I laughed. "Why are you embarrassed?"

"Because it's a chick flick.."

I chuckled, and sat back.

I watched the remainder of the movie with Steven.

The storyline was exactly the same as our situation. Except it was the girl who couldn't remember the guy. But holy crap, who could forget Channing Tatum?

I broke out of my thoughts and saw the credits rolling.

I sighed. "I'm gonna get something to drink. Want some??"

Steven nodded and I stood up.

I started to take a step, and I don't know what happened, but I lost feeling in my ankle, and I lost my balance.

Steven caught me as I fell into his lap.

I chuckled, embarrassed.

"Sorry.." I muttered.

I looked into his eyes, as he stared at me.

"It's okay.."

I don't know what happened, but suddenly, we were kissing.

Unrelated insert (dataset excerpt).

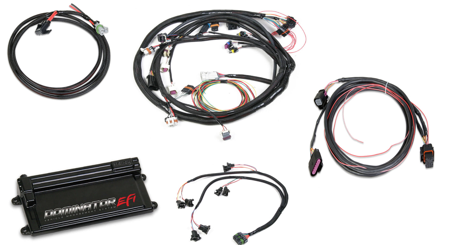 - Kits include the following: Dominator ECU, USB cable, ECU Power Harness, Engine Main Harness, EV1 Injector Harness, Bosch Wideband, ECU mounting hardware

His lips felt so right on mine.

We pulled back after a minute. I tried to see if there was recognition on his face; if he remembered.

There wasn't.

I sighed. The kiss didn't do a thing.

I felt broken inside.

The last thing I thought could bring him back to me failed.

Steven looked enthralled.

"Wow.." He said.

I smiled a little. We were silent then.

I knew now. I could leave after tonight.

I felt tears forming in my eyes.

Just then the door opened.

"Hey guys!" Joe exclaimed.

I looked down at my feet.

"Hey..I'm gonna go..in my room.." I mumbled, standing up and walking away.

I didn't need to see Steven and the band's expressions. I just needed to get through the concert, and maintain the courage to leave. There was nothing holding me back now.